= Beechmont, Louisville =

Neighborhood in Louisville, Kentucky

Beechmont is a neighborhood in the south end of Louisville, Kentucky. Its modern boundaries are I-264 to the north, Taylor Boulevard to the west, Southern Parkway and Southland Boulevard to the south, and Third Street, Allmond and Louisville Avenues to the east.

Iroquois Park is located to its southwest. The park, purchased by Louisville Mayor Charles Donald Jacob in 1889 and completed in 1893, was connected to the city by Southern Parkway (originally called Grand Boulevard), in a master plan designed by Frederick Law Olmsted. Much like Shawnee Park spurred development in the Shawnee neighborhood, Iroquois Park contributed to making Beechmont a desirable suburb as it was developed in the 1890s. The neighborhood was named for the beech trees in the area, as Beechmont was to be a pleasant escape from the crowded urban area of Louisville.

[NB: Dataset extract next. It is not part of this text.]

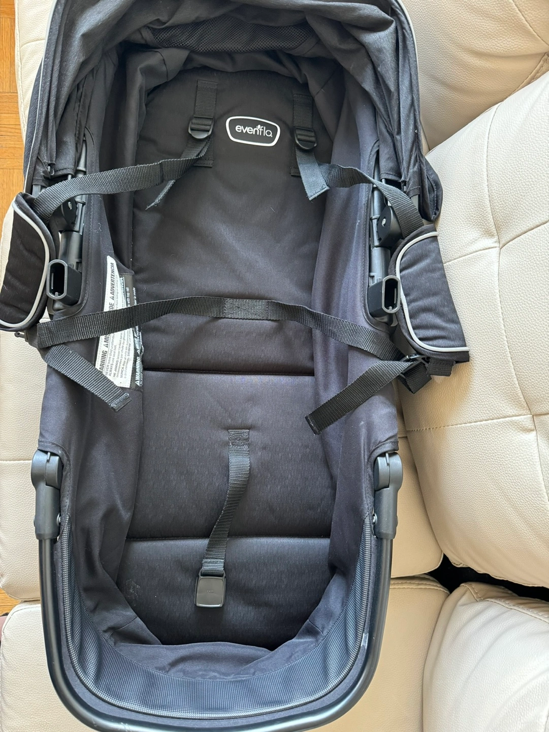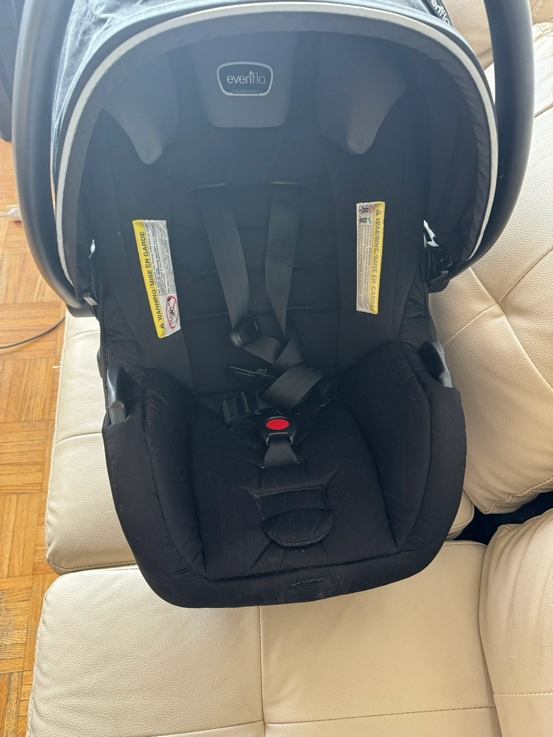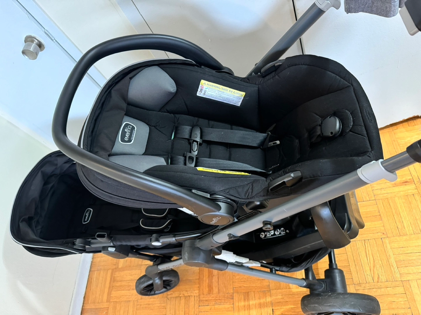 24Evenflo Pivot Xpand Stroller, black color. Includes: Car seat & base, -Bassinet, -Stretchable mesh net & -Clear Rain cover (protection from weather & bugs) Stroller has a foot lock & release, that stops it in place. Rubber tires can easily tread on snow/mud, easy cleaning surfaces. Detachable bassinet can be used to carry sleeping baby or adjusted to seating angle/position when baby is awake. Car seat & bassinet can be fitted together to carry 2 babies together. Mesh underneath can be used to store diaper bag on the go. Purchased this year, gently used, in clean condition. Will deliver at a little extra cost.

Due to its relative distance from Louisville, it was originally intended as a summer neighborhood for the wealthy, and was a part of the city of Highland Park - which incorporated in 1890. The dominant architectural style of early houses in the neighborhood is the Craftsman style. It was linked to Louisville by a streetcar line along 4th street in 1900, and the city was annexed by Louisville in 1922, after a 5-year court battle.

Beechmont escaped flooding during the Great Flood of 1937, and was a temporary disaster shelter. The neighborhood expanded slightly as new developments were built after World War II. These developments were often unpopular with the residents of Beechmont. The neighborhood suffered a decline in the 1960s, following the same pattern as all of the older neighborhoods.

As of 2000, Beechmont had a population of 8,021.